Given doubts that the current leadership in Afghanistan lacks conceptual and strategic objectives of such a political reform for the national interest of Afghanistan, it becomes evident that the international community particularly America should define and address the challenges and solutions in a more cohesive manner. They need to get out of the dichotomy of talk to Taliban or don't talk to Taliban and look at Afghanistan beyond Kandahar and Helmand.
It is very strange to hear the President's talks on the transition and transfer of security responsibilities are without any focus on their abilities and equipment they need. The debate on transition and transfer of security responsibility evolves around politicians of international community and politicians of Afghanistan but has not made its way into the technical areas or no opportunity provided to the ANA and ANP Generals fighting on the ground.

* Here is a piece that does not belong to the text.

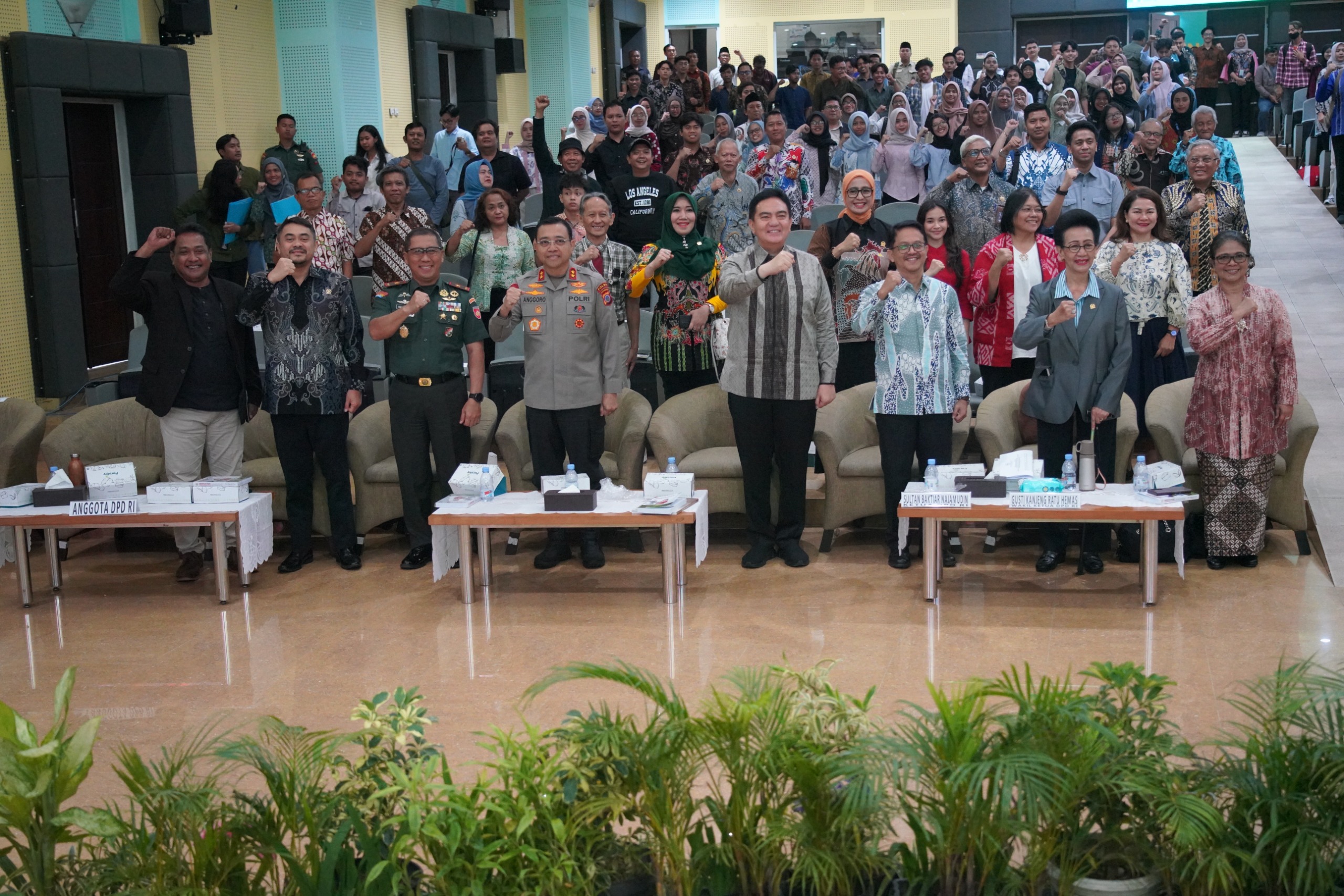 Acara tersebut juga menghadirkan narasumber Wakil Ketua Komisi Kajian Ketatanegaraan MPR RI Dr.H.Ajiep Padindang,S.E.,M.M. dan Bawaslu RI Lolly Suhenty.

It is equally questionable on how can the President so confidently accept the transfer when he, being the Chief of Army, knows that Afghanistan still does not have air forces or in the words of the Defence Generals, does not yet have any tanks.
The threat of Taliban to Afghanistan comes from their strength as a rented insurgent. But the real danger lies in the immediate neighbourhood. Just last month, Isaf announced that they found weapons made in Iran around the areas of Taliban but the Afghan government made no attempt to investigate further or check with Iran. Similarly, the district of Goshta in Nangrahar has been attacked by the Pakistani army for the past 40 days as per the daily media reports, but there is not any official stance of the Afghan government side. This is happening when we still have around 150,000 international troops, how would these two neighbours behave when Afghanistan's national forces struggle for defence with their old and inadequate weapons?
While it is understandable that the Afghan government's failures and arrogance have restrained the relations with America, but it is the people of Afghanistan, who do not matter to their own government anymore, bear the brunt of American decisions and policies towards their government. America needs to broaden its scope of consultations beyond the President and his alikes to the larger population groups to hear the real needs and challenges. Otherwise, if the transfer and transition decisions come from an alien government, it can only result in another Operation Enduring Freedom after 2014 and again for the national security interests of America.